From: Christophe Leroy <christophe.leroy@csgroup.eu>
To: David Hildenbrand <david@redhat.com>, linux-kernel@vger.kernel.org
Cc: Zi Yan <ziy@nvidia.com>,
Lorenzo Stoakes <lorenzo.stoakes@oracle.com>,
"Liam R. Howlett" <Liam.Howlett@oracle.com>,
Alexander Potapenko <glider@google.com>,
Andrew Morton <akpm@linux-foundation.org>,
Brendan Jackman <jackmanb@google.com>,
Christoph Lameter <cl@gentwo.org>,
Dennis Zhou <dennis@kernel.org>,
Dmitry Vyukov <dvyukov@google.com>,
dri-devel@lists.freedesktop.org, intel-gfx@lists.freedesktop.org,
iommu@lists.linux.dev, io-uring@vger.kernel.org,
Jason Gunthorpe <jgg@nvidia.com>, Jens Axboe <axboe@kernel.dk>,
Johannes Weiner <hannes@cmpxchg.org>,
John Hubbard <jhubbard@nvidia.com>,
kasan-dev@googlegroups.com, kvm@vger.kernel.org,
Linus Torvalds <torvalds@linux-foundation.org>,
linux-arm-kernel@axis.com, linux-arm-kernel@lists.infradead.org,
linux-crypto@vger.kernel.org, linux-ide@vger.kernel.org,
linux-kselftest@vger.kernel.org, linux-mips@vger.kernel.org,
linux-mmc@vger.kernel.org, linux-mm@kvack.org,
linux-riscv@lists.infradead.org, linux-s390@vger.kernel.org,
linux-scsi@vger.kernel.org, Marco Elver <elver@google.com>,
Marek Szyprowski <m.szyprowski@samsung.com>,
Michal Hocko <mhocko@suse.com>, Mike Rapoport <rppt@kernel.org>,
Muchun Song <muchun.song@linux.dev>,
netdev@vger.kernel.org, Oscar Salvador <osalvador@suse.de>,
Peter Xu <peterx@redhat.com>, Robin Murphy <robin.murphy@arm.com>,
Suren Baghdasaryan <surenb@google.com>, Tejun Heo <tj@kernel.org>,
virtualization@lists.linux.dev, Vlastimil Babka <vbabka@suse.cz>,
wireguard@lists.zx2c4.com, x86@kernel.org,
"linuxppc-dev@lists.ozlabs.org" <linuxppc-dev@lists.ozlabs.org>
Subject: Re: (bisected) [PATCH v2 08/37] mm/hugetlb: check for unreasonable folio sizes when registering hstate
Date: Thu, 9 Oct 2025 12:01:08 +0200 [thread overview]

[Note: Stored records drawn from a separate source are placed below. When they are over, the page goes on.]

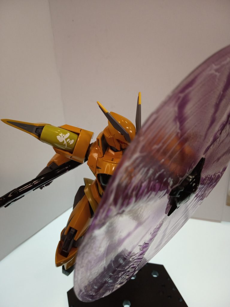 後方より。 真っ直ぐ立たせているつもりでも、歪んでるんですよね。うまく撮りたい。 グレーの関節部分等はメカサフのつや消しままです。クリアーをかけるか迷いましたが、このままでも違和感なかったので良かったです。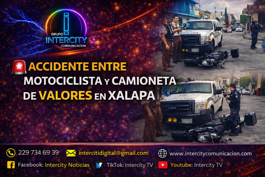 Xalapa, Veracruz.– La tarde de este jueves 26 de marzo de 2026 se registró un accidente vial entre un motociclista y una camioneta de valores de la empresa COMETRA, en la colonia Tamborrel.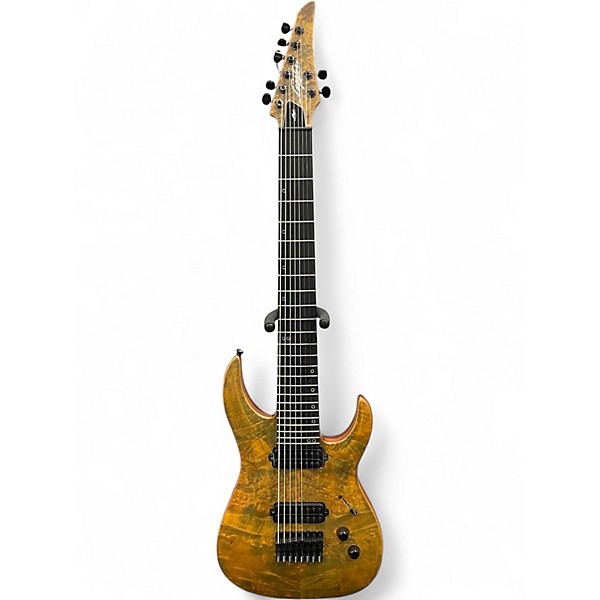 Unleash modern metal tone and sleek playability with this used Legator Ninja 8 Brown Burl solid body electric guitar in great condition. Built for extended-range performance, it features an 8-string design, fast neck profile, dual humbuckers for tight, high-output clarity, and a stable fixed bridge for reliable tuning and punchy attack. The striking brown burl top delivers premium style while the ergonomic body keeps it comfortable for long sessions onstage or in the studio.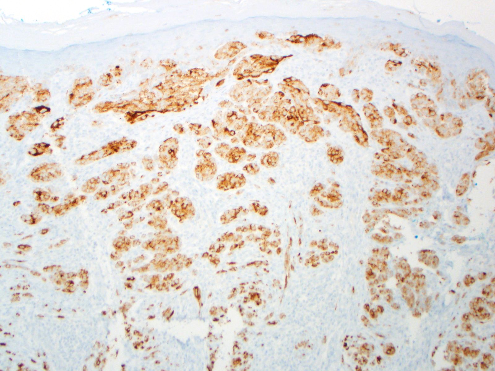 Most urothelial carcinomas, other non-mammary carcinomas, and melanomas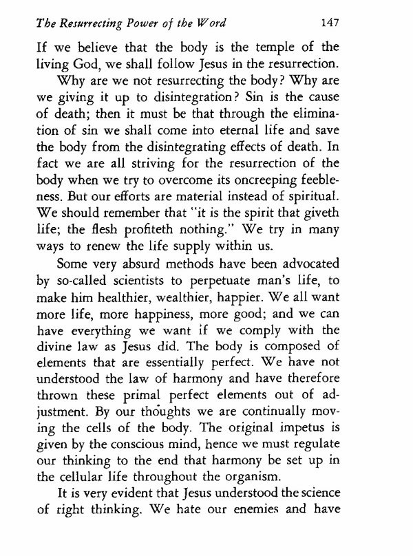 Why are we not resurrecting the body? Why are we giving it up to disintegration? Sin is the cause of death; then it must be that through the elimination of sin we shall come into eternal life and save the body from the disintegrating effects of death. In fact we are all striving for the resurrection of the body when we try to overcome its oncreeping feebleness. But our efforts are material instead of spiritual. We should remember that "it is the spirit that giveth life; the flesh profiteth nothing." We try in many ways to renew the life supply within us.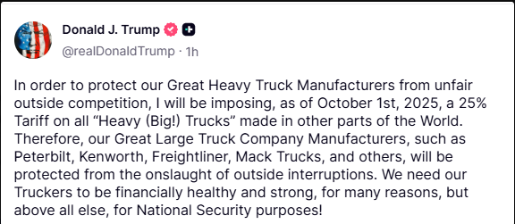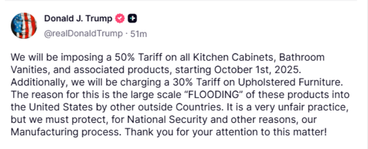 U.S. President Donald Trump has announced a new round of sweeping import taxes, stating that manufacturers must “build here or pay up.” These tariffs, which are set to take effect on October 1, include a 100% tax on pharmaceutical drugs, 50% on kitchen cabinets and bathroom vanities, 30% on upholstered furniture, and 25% on heavy trucks.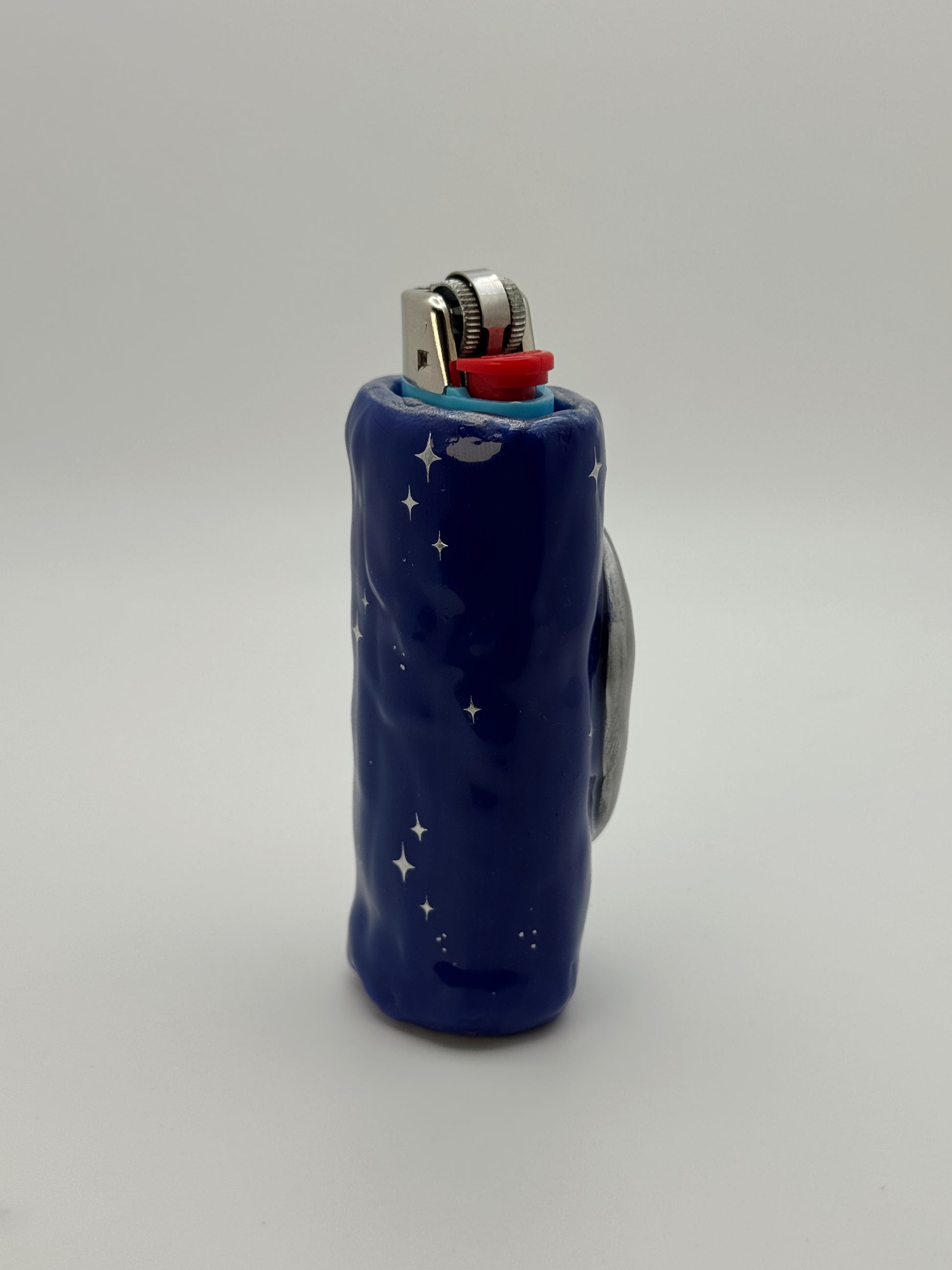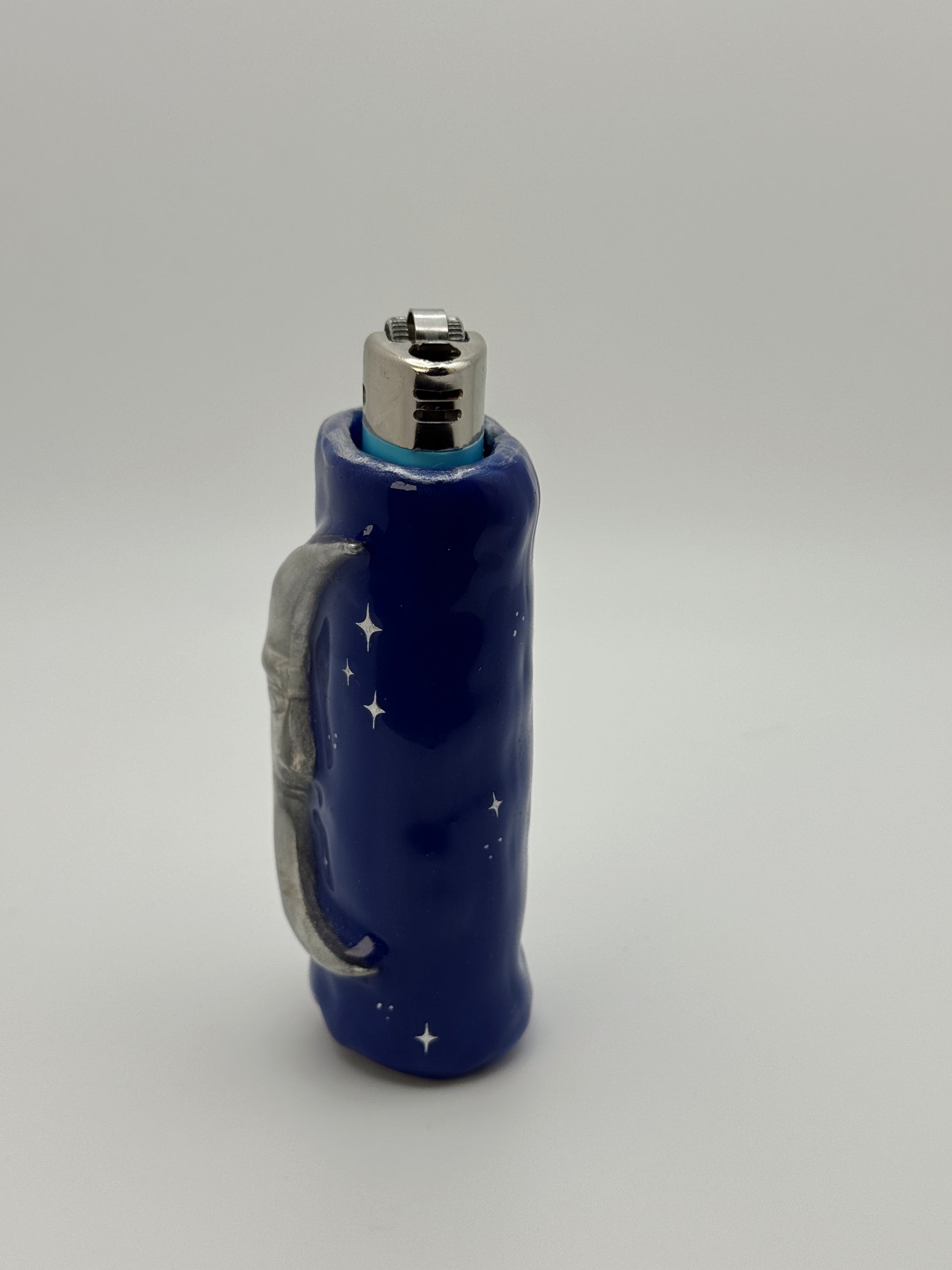 Handmade celestial lighter case sculpted from polymer clay and finished with a glossy seal for durability and shine.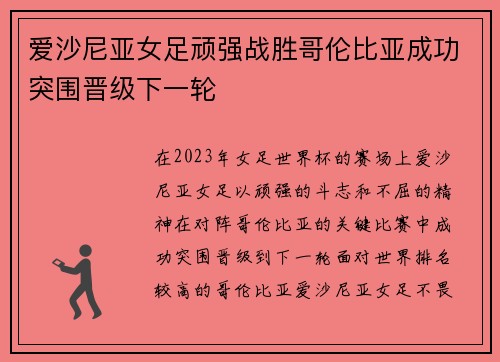 爱沙尼亚女足顽强战胜哥伦比亚成功突围晋级下一轮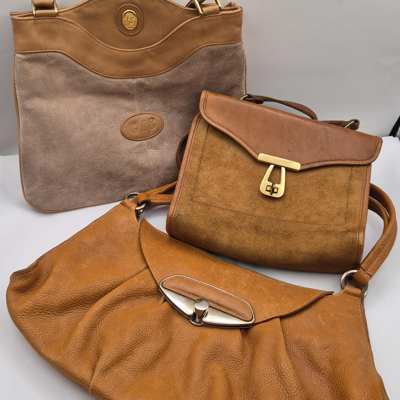 Trio of tan and camel brown handbags, each offering its own take on texture, tone, and timeless style. From designer elegance to vintage character, this lot is ideal for collectors, stylists, or anyone drawn to warm neutrals and classic silhouettes.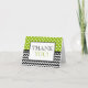 Cartões de agradecimento elegantes e para todas as ocasiões com bolinhas brancas sobre verde no topo e um padrão xadrez de zigue-zague preto e branco na parte inferior. O interior pode ser personalizado com sua própria mensagem personalizada ou pode ser facilmente excluído para deixar o cartão em branco para escrever sua mensagem à mão.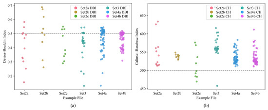 The DBI and CH index of all examples. (a) Davies–Bouldin Index of all examples; (b) Calinski–Harabasz Index of all examples.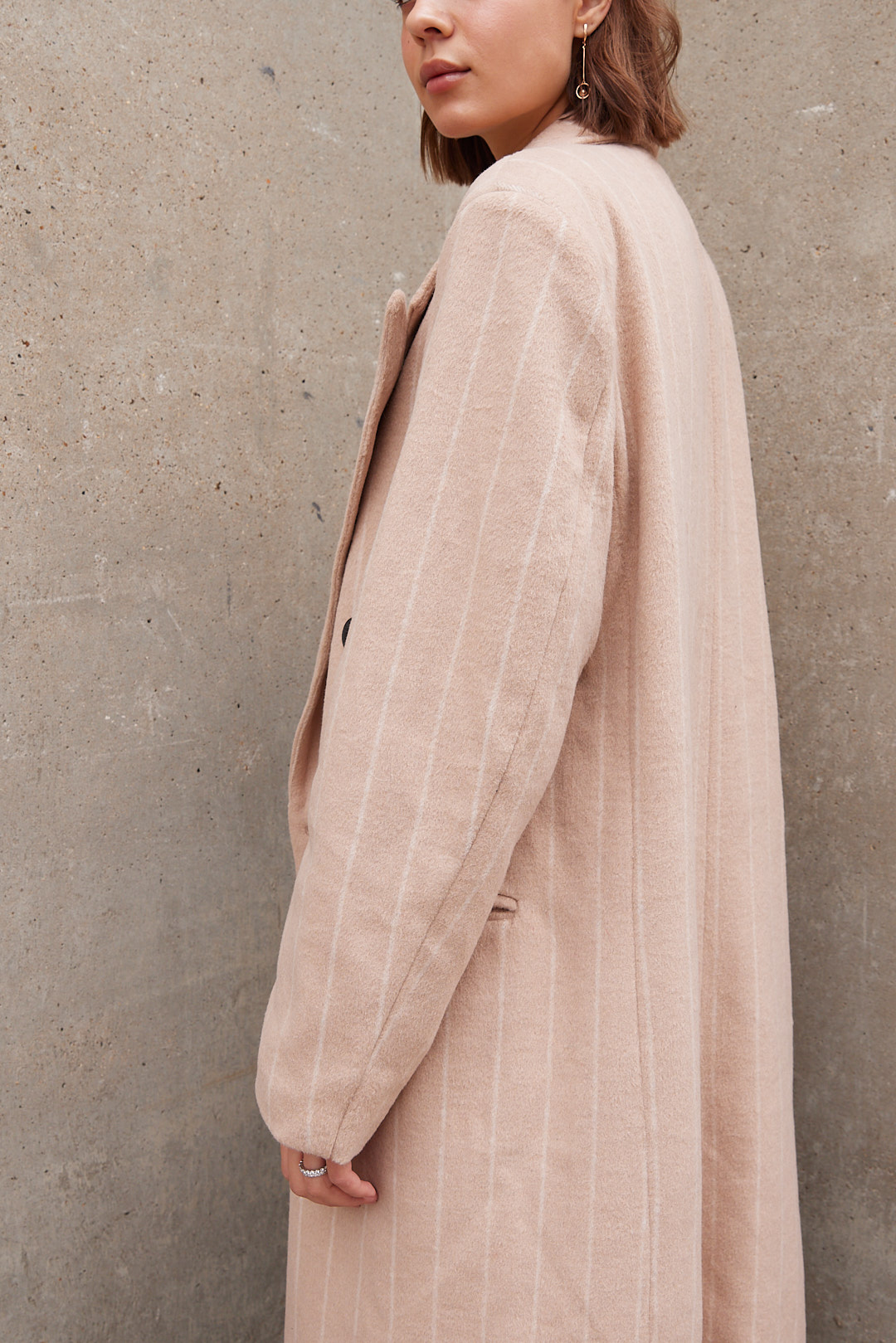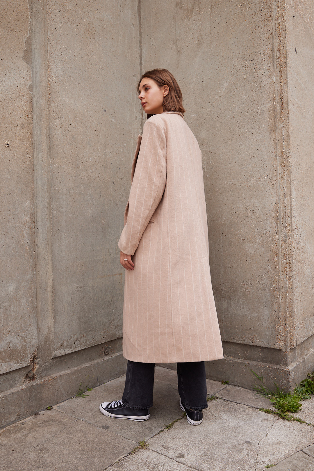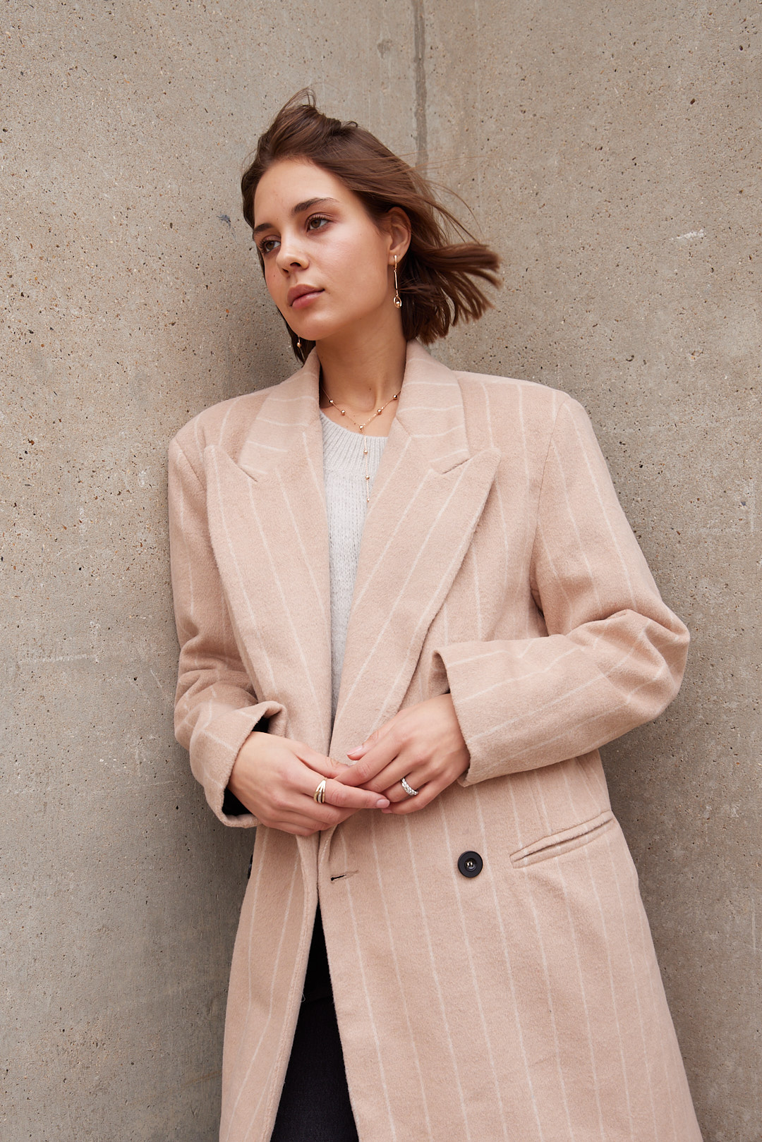 Tailored from wool, this coat has an oversized, double-breasted design with peak lapels and flap pockets. The satin lining ensures effortless layering. Harper coat is made from a tactile wool-blend patterned with stripes in cream. It’s designed in an oversized, longline silhouette enhanced by dropped shoulders. Harper coat ensures warmth and Parisian-level chic when you leave the house. Slip yours on over a chunky sweater.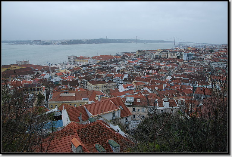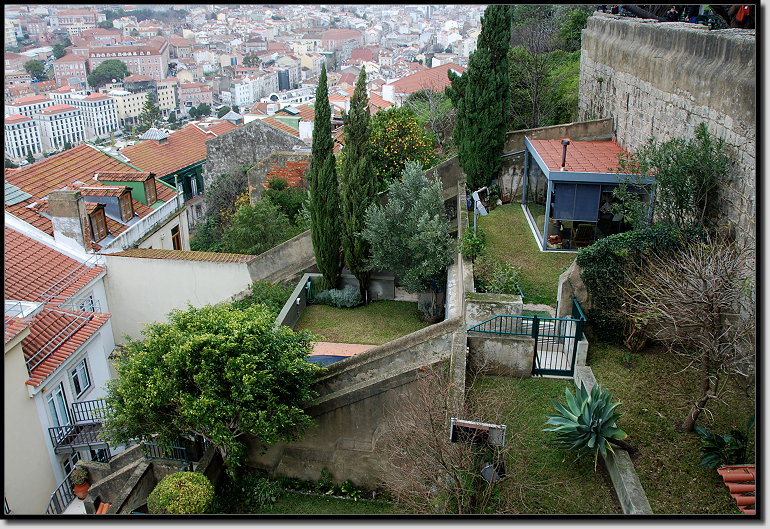 Nach einer Stunde hatten wir jeden Winkel des Castelos erkundet und zogen langsam weiter. Über die verwinkelten Wege und die steilen Treppen von Alfama wollten wir bergab laufen. Bevor wir aber hinab in die Gassen der Altstadt eintauchten, kamen wir am Miradouro das Portas do Sol vorbei. Wieder so ein schöner Aussichtspunkt.

Message-ID: <0c730c52-97ee-43ea-9697-ac11d2880ab7@csgroup.eu> (raw)
In-Reply-To: <1db15a30-72d6-4045-8aa1-68bd8411b0ba@redhat.com>
Le 09/10/2025 à 11:20, David Hildenbrand a écrit :
> On 09.10.25 11:16, Christophe Leroy wrote:
>>
>>
>> Le 09/10/2025 à 10:14, David Hildenbrand a écrit :
>>> On 09.10.25 10:04, Christophe Leroy wrote:
>>>>
>>>>
>>>> Le 09/10/2025 à 09:22, David Hildenbrand a écrit :
>>>>> On 09.10.25 09:14, Christophe Leroy wrote:
>>>>>> Hi David,
>>>>>>
>>>>>> Le 01/09/2025 à 17:03, David Hildenbrand a écrit :
>>>>>>> diff --git a/mm/hugetlb.c b/mm/hugetlb.c
>>>>>>> index 1e777cc51ad04..d3542e92a712e 100644
>>>>>>> --- a/mm/hugetlb.c
>>>>>>> +++ b/mm/hugetlb.c
>>>>>>> @@ -4657,6 +4657,7 @@ static int __init hugetlb_init(void)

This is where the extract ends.